Россия и ислам. Том 2 - стр. 70
В историко-философском отношении этот, так сказать, методологический ход также представляет недюжинный интерес, знаменуя собой еще одно подтверждение характерного для Нового времени>158 решительного разрыва с философским индифферентизмом относительно многообразия качественно различного. Новое время твердо признало, что качественные различия, которые в прошлом казались немногочисленными на фоне поверхностно воспринимавшегося сходства вещей, выявляются как бесконечно многообразные, постоянно умножающиеся в ходе познания и, по-видимому, более существенные, чем отношения сходства, нередко оказывавшиеся не более чем видимостью. Категорическим императивом мышления первой половины XIX в. является скрупулезное описание отличий, свойственных отдельным видам существующего. И хотя проблема единства, тождества, многообразного не исчезает из поля философского видения мира, она, однако, осознается теперь как несравненно более сложная, ибо различия не акцентируются уже как несущественные или преходящие. Все вещи, согласно учению Лейбница – учению, оказавшемуся столь созвучным без конца плюрализующему человечество национализму, – суть монады, но все монады существенно отличны друг от друга, все они индивидуальны и, более того, уникальны. Различию, таким образом, придается статус субстанциональности>159. А это, в свою очередь, означает, что главенствующей будет тенденция на признание онтологической чуждости этносов и их культур>160, их «странности» друг для друга>161. Здесь нет полного взаимопонимания, нет единства, но нет и двойственности. Это – согласно уже отчасти известной читателю схеме М. Бланшо (речь идет уже о «третьем типе») – «нейтральные отношения», постулирующие возможность и необходимость признать «Другого» как такового, не отождествляясь с ним>162, не заставляя его отождествляться с собой>163.

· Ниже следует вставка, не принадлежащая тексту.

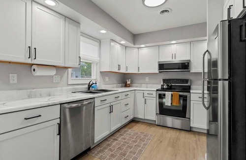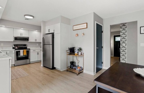 Welcome to the perfect place for families, pets, and groups! Enter through the side door, and walk into the all-white kitchen, pull up a seat in the eat-in kitchen space, or cozy up in the front living room. There is a main floor full bath for your convenience. The master bedroom features a King bed and an on-suite half bath. There are two additional, main-floor queen bedrooms.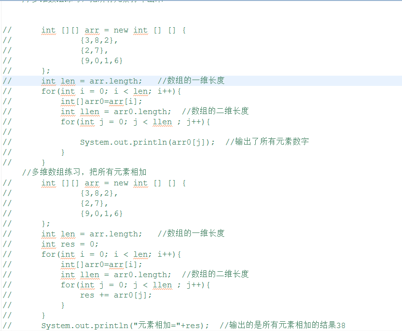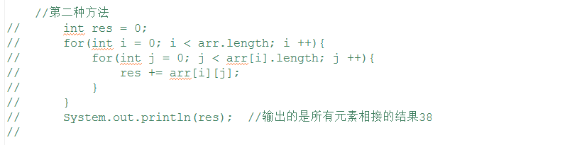 // System.out.println("元素相加="+res); //输出的是所有元素相加的结果38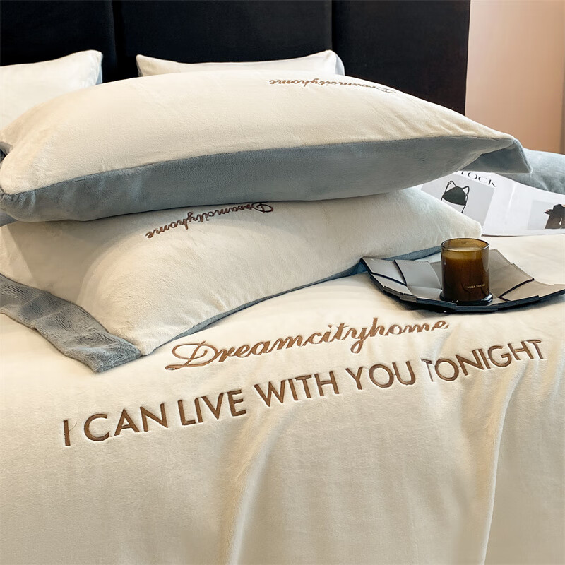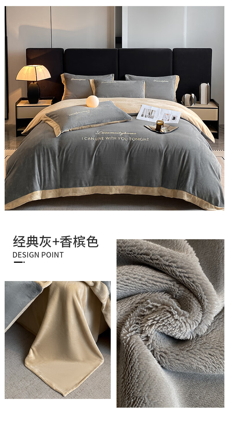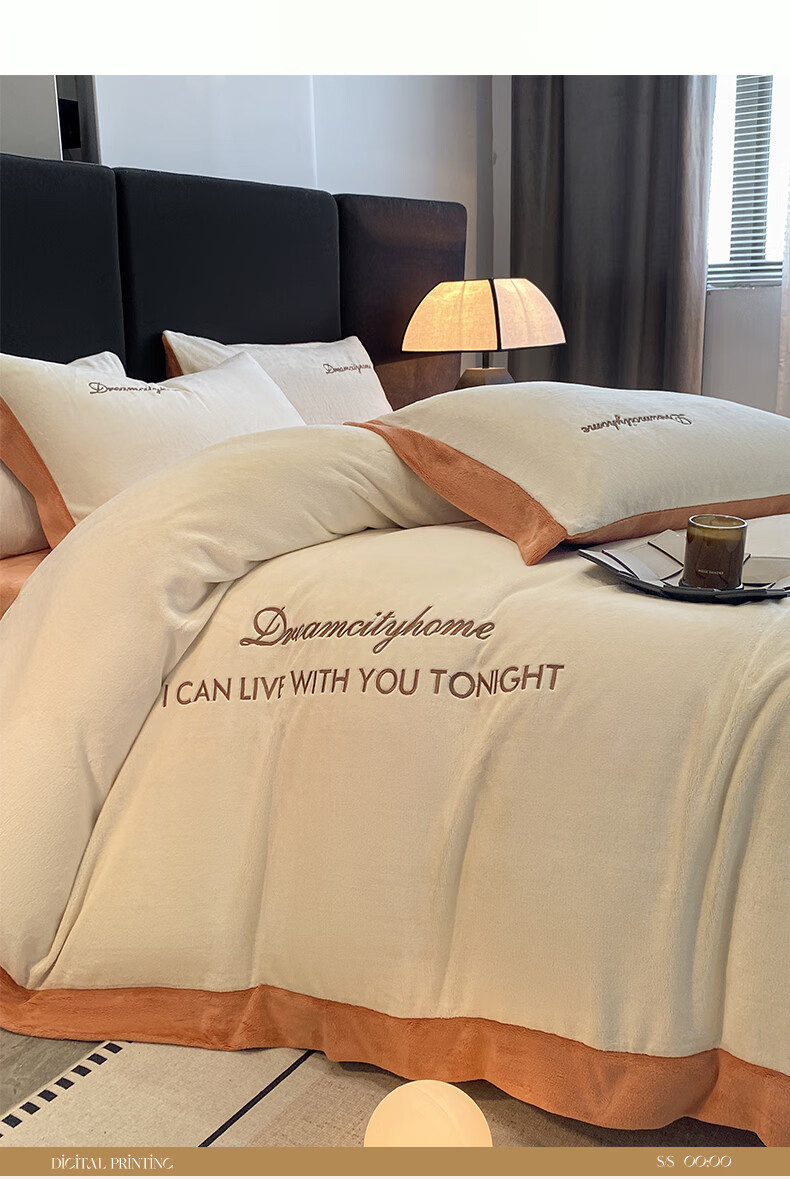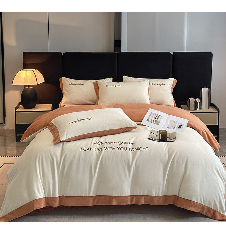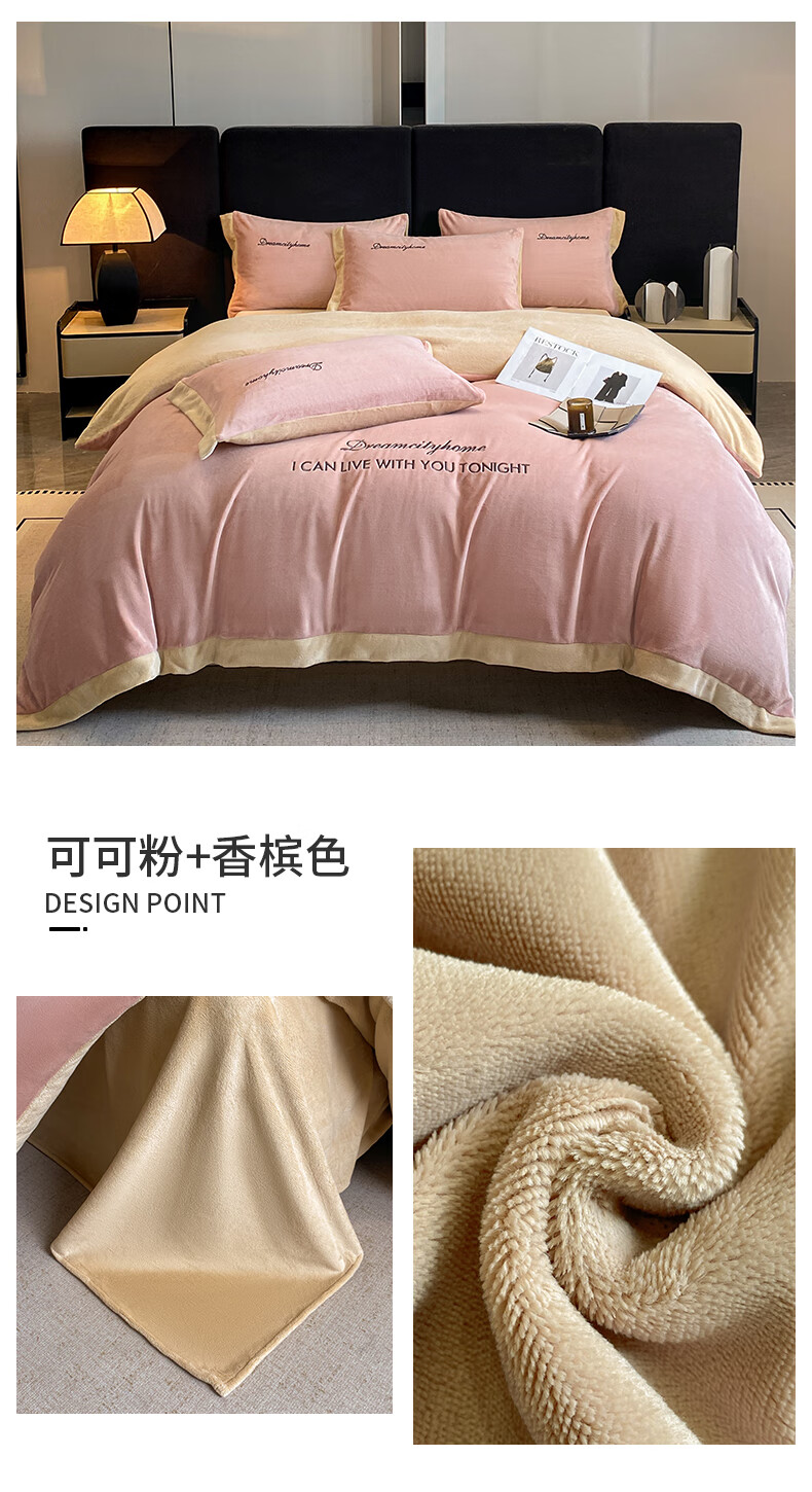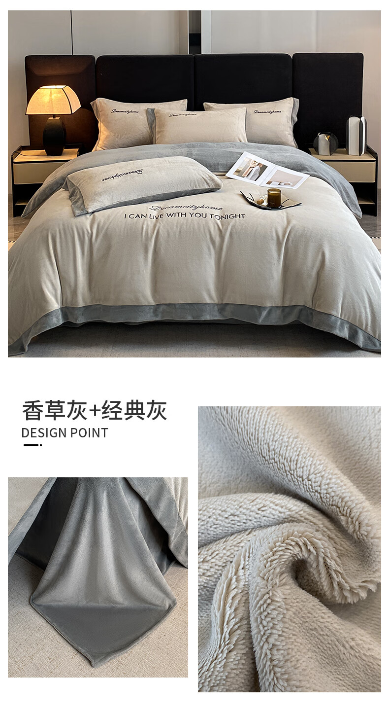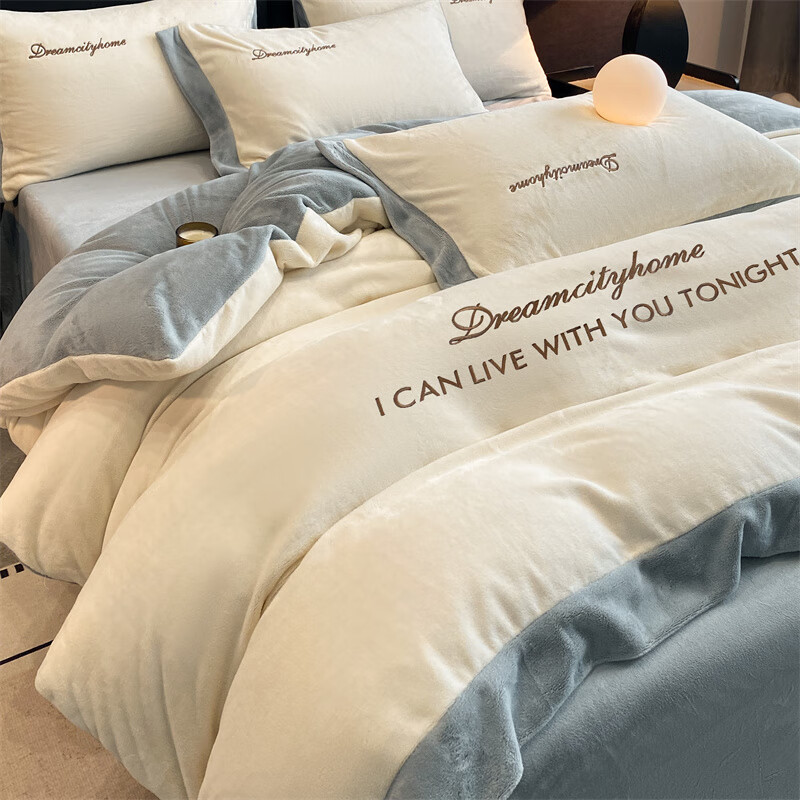 蕊丝坊 安克斯牛奶绒刺绣四件套加厚保暖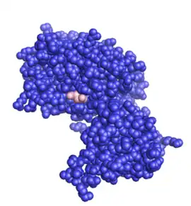 The structure of the core of PTEN (solved by X-ray crystallography, see figure[5]) reveals that it consists primarily of a phosphatase domain and a C2 domain. The phosphatase domain contains the active site, which carries out the enzymatic function of the protein, while the C2 domain binds the phospholipid membrane. Thus PTEN binds the membrane through both its phosphatase and C2 domains, bringing the active site to the membrane-bound PIP3 to dephosphorylate it.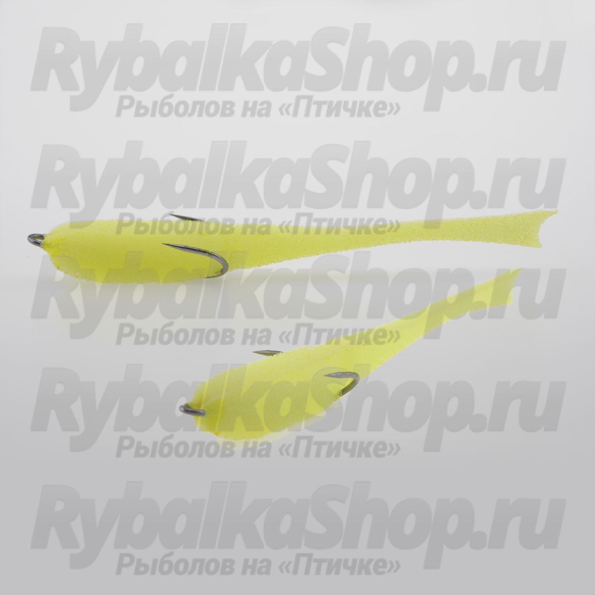Поролоновая рыбка имеет прогонистое тело со специальными вырезами. Форма приманки - морковка. Есть модели, светящиеся в ультрафиолете (УФ).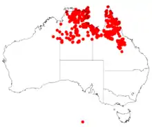 It is endemic to the tropical areas of the Northern Territory and Queensland where it is often situated on rocky hillsides or around beaches or watercourses growing in alluvial sandy soils as a part of Eucalyptus woodland or mixed shrubland communities.[2]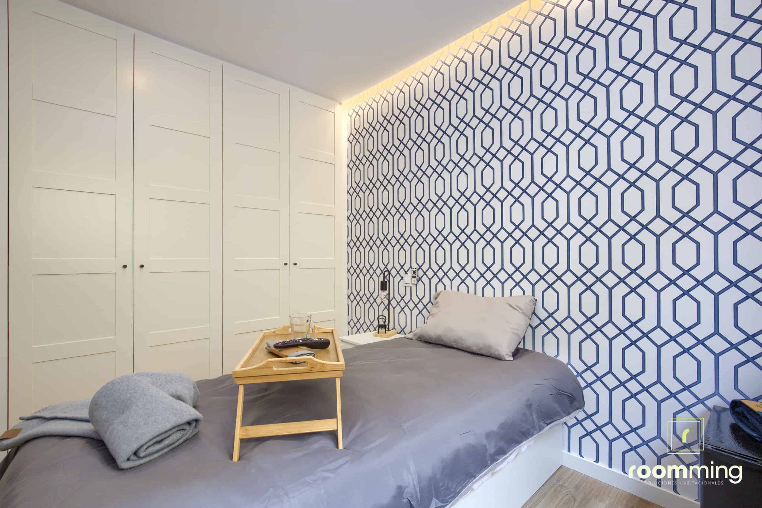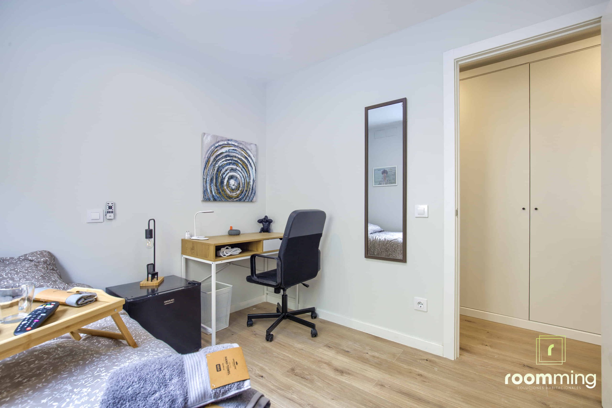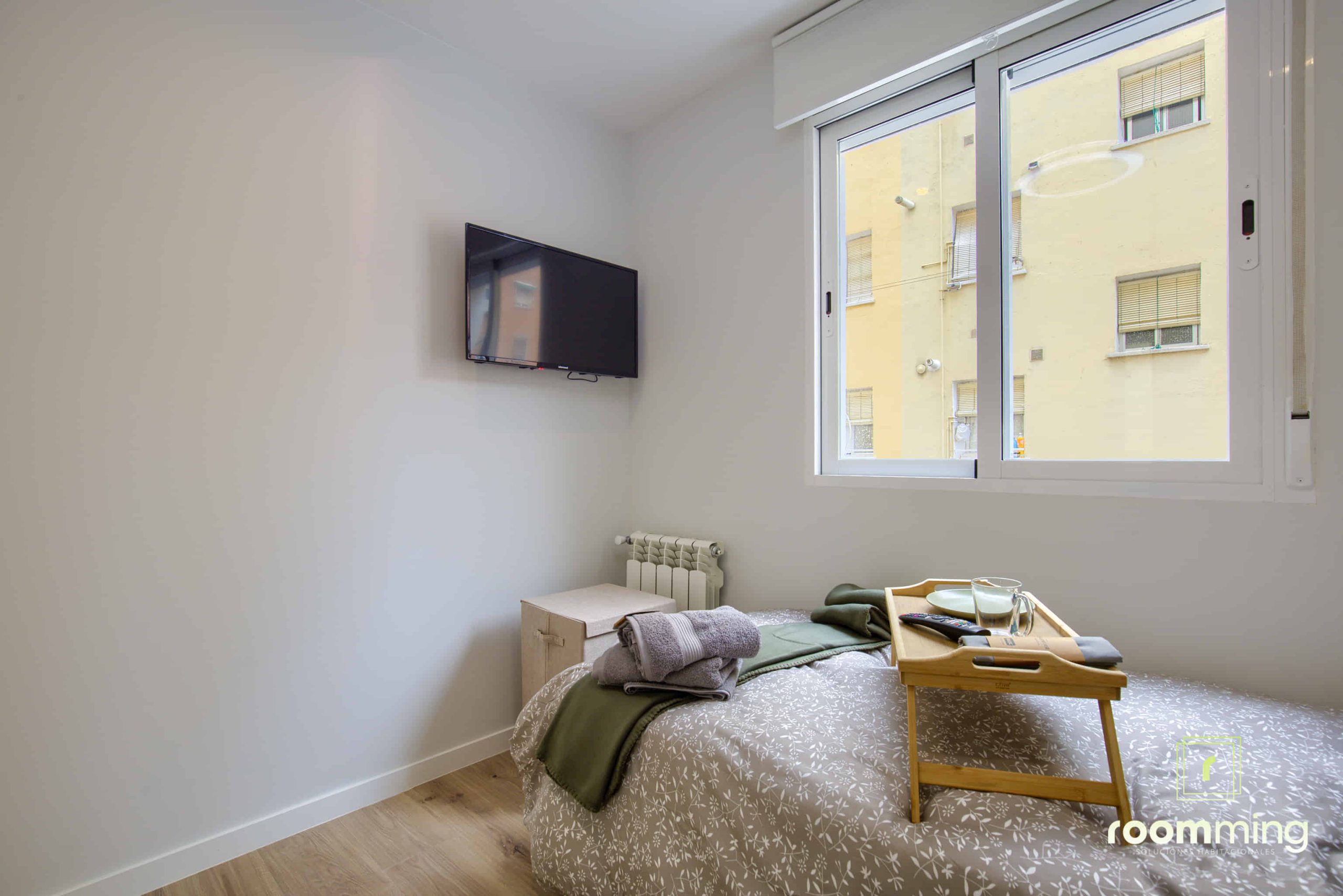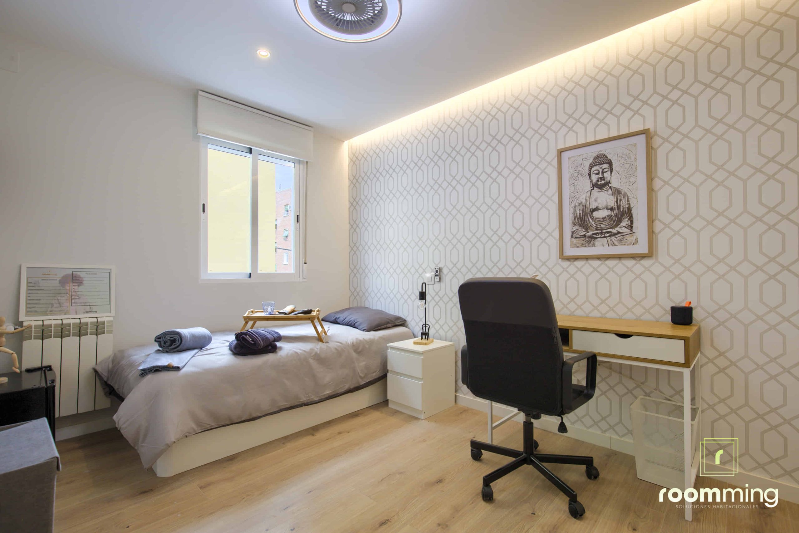 Habitación boutique exterior, dentro de la vivienda San Valero1. Situada la cuarta, cuenta con todas las comodidades que todo estudiante puede demandar. Desde la cama con un colchón premium, canapé con gran almacenaje, escritorio + silla, hasta smart TV, climatización, caja fuerte, etc…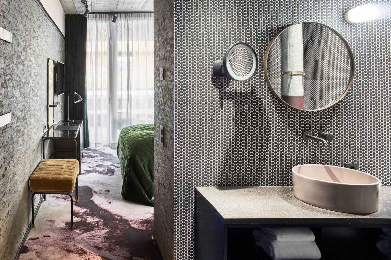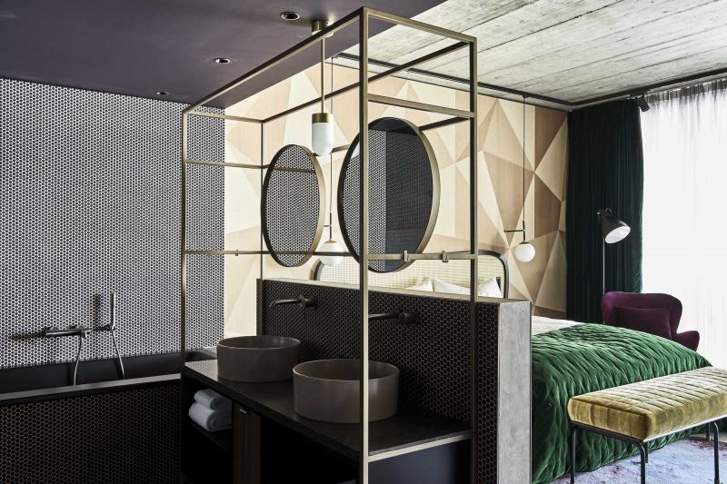 Flims is spectacularly located in the Alps of eastern Switzerland. Overlooking the village, the newbuilt Stenna Flims is an innovative experience centre that holds The Hide – an independent hotel and rethought mountain resort. As a contrast to the massive concrete building, The Hide fuses progressive alpinist interiors with cool luxe and voguish sophistication. The interior design is inspired by the surrounding nature and the geodes of the Alps, partially hollow rocks that hides a sparkling microcosm of colourful minerals. Likewise, The Hide holds the unexpected, just waiting to be discovered.

Сказанное ничуть не противоречит тому факту, что процесс обращения русской поэзии к восточной проблематике и элементам ориентальной формы оказался не только необратимым, но и постоянно набирающим темпы, что в ней, этой поэзии, в первой половине XIX в. «развитие восточно-романтических форм, закрепление ряда традиционных штампов, зачастую заимствованных у поэтов европейского ориентализма, шло параллельно с укрепляющимся стремлением отразить действительность и человека Востока, постигаемых в ходе… продвижения России на Кавказ, за Урал и в «киргиз-кайсацкие» степи»>164.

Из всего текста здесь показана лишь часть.